You haven't really made a cogent argument about this. There exists more than one problem to solve.

The problem I'm addressing is that "I won't vote until the party gives me a better nominee to vote for" is completely backwards, because we the voters are empowered to select the nominee from the primary candidates, without caring who the party heads wanted us to vote for.

The lack of third party representation is a separate problem. The two party "system" really isn't so much an entrenched "system" as much as it is a mathematical byproduct of first-past-the-post winner-take-all elections. So we need election reform. So we need to candidates who will fight for that to win. They won't win as a 3rd party in the vast majority of districts above a county/local level. So they have to run in the major party primary. Which brings us back to turnout in the primaries to put better nominees on the ballot in the general.

[–] Hapankaali@lemmy.world 0 points 1 week ago (1 children)

You haven’t really made a cogent argument about this. There exists more than one problem to solve.

Yes, but if other countries manage to have decently functioning democracies without high primary turnout or even open primary elections at all, then it is not obvious that "low" primary turnout is a problem that requires a solution.

[–] baronvonj@piefed.social 0 points 1 week ago (1 children)

Would you care to make an actual suggestion as to how to address it, then?

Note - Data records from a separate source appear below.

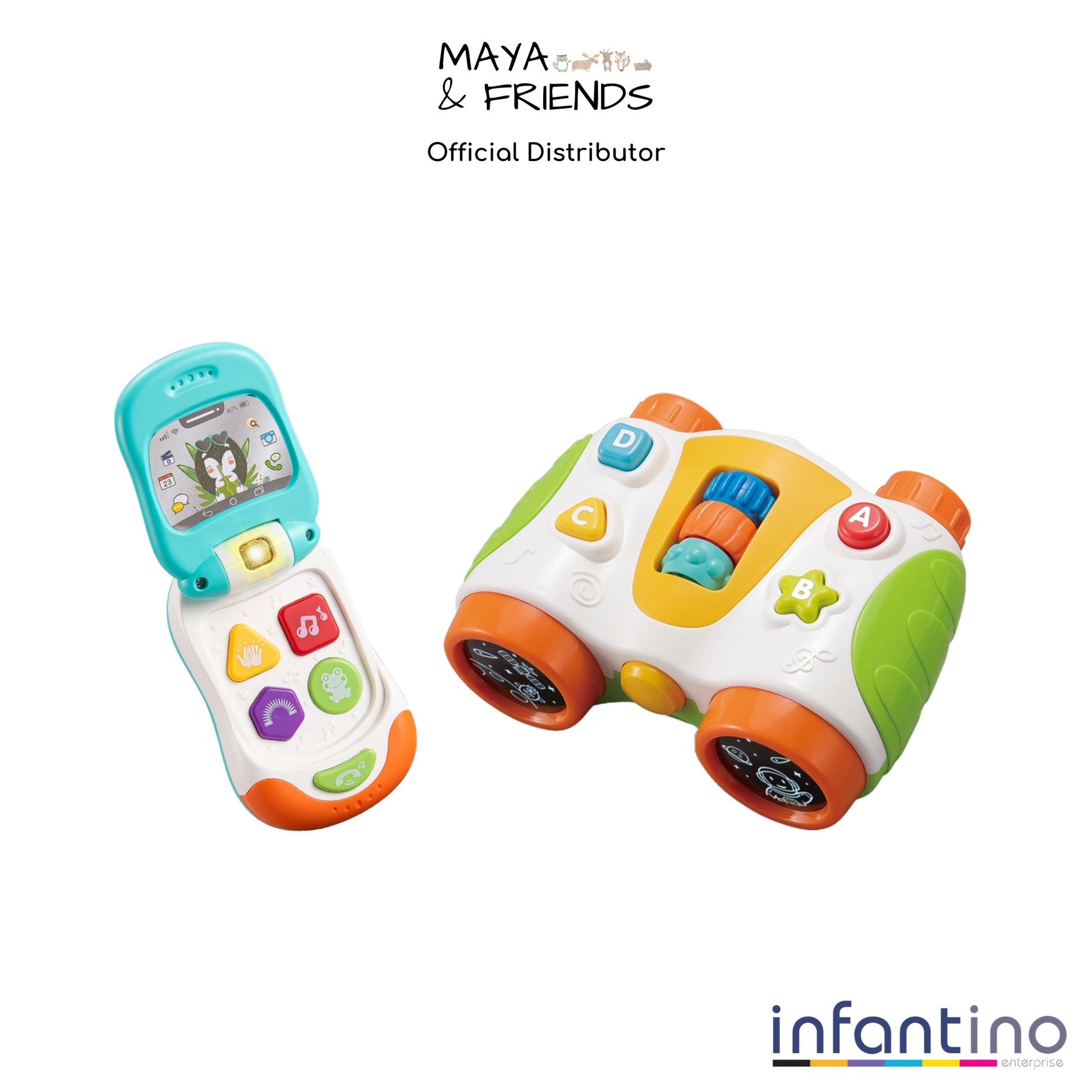 Introducing the Maya & Friends Flip Phone and Binoculars Musical Toy Set, the perfect playtime companion for toddlers aged 18 months and up!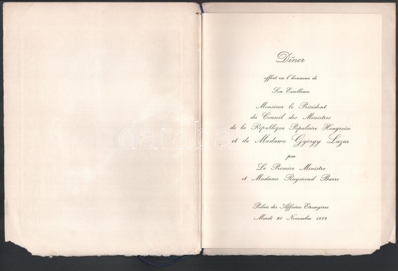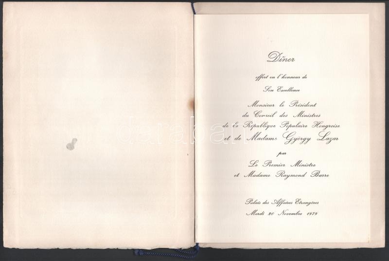 1979 Lázár György (1924-2014) és felesége részére vacsorára meghívó Ra... https://www.darabanth.com/de/419-Fernauktion/419.0/Kunst-Dokumente-andere-Sammelgebiete/Drucksachen~1000002/1979-Lazar-Gyorgy-1924-2014-es-felesege-reszere-vacsorara-meghivo-Raymond-Barre-francia-~II2646788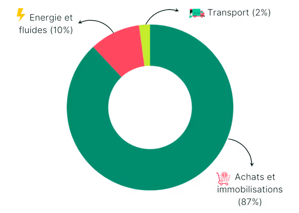 Cela est dû à notre poste achats et immobilisations qui représente 87 % de nos émissions, intégralement comptabilisées dans notre scope 3. En effet, nos solutions intègrent des capteurs (hardware) indispensables à la récolte de données sur les flux de déchets à analyser. Ces capteurs nécessitent l’achat de nombreux composants électroniques provenant principalement d'Asie. Or l’impact de la fabrication de ces composants, de l’extraction des matières premières qu’ils mobilisent, leur transport, etc. est très élevé. C’est pourquoi il constitue notre principale source d’émissions de gaz à effet de serre.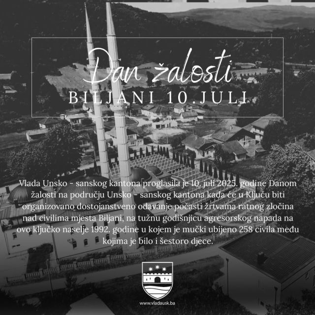 Vlada Unsko – sanskog kantona proglasila je 10. juli 2025. godine Danom žalosti na području Unsko – sanskog kantona kada će u Ključu biti organizovano dostojanstveno odavanje počasti žrtvama ratnog zločina nad civilima mjesta Biljani, na tužnu godišnjicu agresorskog napada na ovo ključko naselje 1992. godine u kojem je mučki ubijeno 258 civila među kojima je bilo i šestoro djece.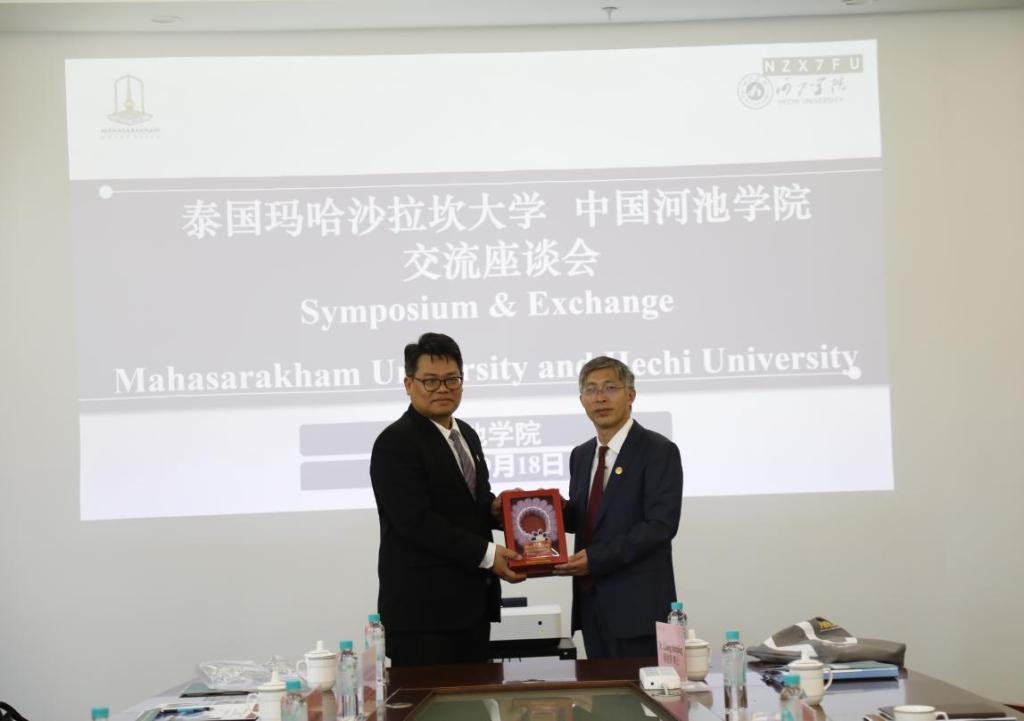 From September 17 to 19, a delegation from Mahasarakham University of Thailand visited our university for a three-day industrial cooperation exchange. The delegation, led by President Prayook Srivilai, was received by Ma Shaojian—Deputy Secretary of the University Party Committee and President of Hechi University—in Conference Room 1507 of Zhiyuan Building. Vice Presidents Qin Yongling and He Weiguo also presented at the meeting.

[–] Hapankaali@lemmy.world 1 points 1 week ago (1 children)

Just copy-paste a working system and think about how to improve things from there.

How to convince your fellow citizens to pursue this? Realistically, you probably can't. You need a paradigm shift in society to address the problem I mentioned. It's a pervasive one; for example here on Lemmy one may commonly encounter calls to implement ranked-choice voting, whereas even the most rudimentary glance at what we already know about what works and what doesn't would be sufficient to conclude this isn't the way to go. If even well-meaning and partially educated people cannot manage to unchain themselves from the propaganda drilled into them, there is a long journey of deprogramming ahead.

[–] baronvonj@piefed.social 2 points 1 week ago (1 children)

Ok, so no real suggestions, then.

[–] Hapankaali@lemmy.world 1 points 1 week ago (1 children)

Very real, just not explicit. If I have to explain what characterizes top democracies, you underscore my point.

The most important aspect, of course, is having a multi-party system.

[–] baronvonj@piefed.social 1 points 1 week ago (1 children)

is having a multi-party system

Your "real" suggestion for how to achieve this is literally that we should copy and paste from another country. That's not a serious suggestion. Be explicit with a real, specific thing that you think we can do instead of trying to tear down the people who have.

[–] Hapankaali@lemmy.world 1 points 1 week ago (1 children)

If the question is: what should be done to improve the system, then incorporating known improvements is the obvious and "serious" suggestion.

If the question is: what might realistically be done under current circumstances (a completely different question), then I have already answered it - try and get some marginally less inept people through Democratic primaries. However, given the reasons I already outlined and the ongoing and escalating constitutional crisis, the prospects over the short and medium term are bleak to say the least.

[–] baronvonj@piefed.social 2 points 1 week ago (1 children)

So you're suggesting we improve by improving, and put more vote-worthy candidates on the general election ballot by getting better people nominated in the primaries, but also that people who clearly care about the quality of nominee choosing to sit out the nominee selection process isn't a problem but instead the problem with bad Democratic nominees is that we don't have more successful third parties and the solution to that is to copy other countries' systems. Brilliant insights. Thanks for your contribution.

[–] Hapankaali@lemmy.world 1 points 1 week ago

No, I'm not suggesting that at all.

The way to get "successful third parties" is not to found them or vote for them. What you need is electoral reforms to make your system more similar to democratic ones, and then you can vote for them. The way to do this, if not through revolution, is by getting pro-election reform candidates elected. That's tricky, because in essence they would be voting away their power. And, as I mentioned, the share of Americans even aware that there are massively overwhelmingly superior electoral systems they could simply copy is minuscule, making this not much of an issue to campaign on.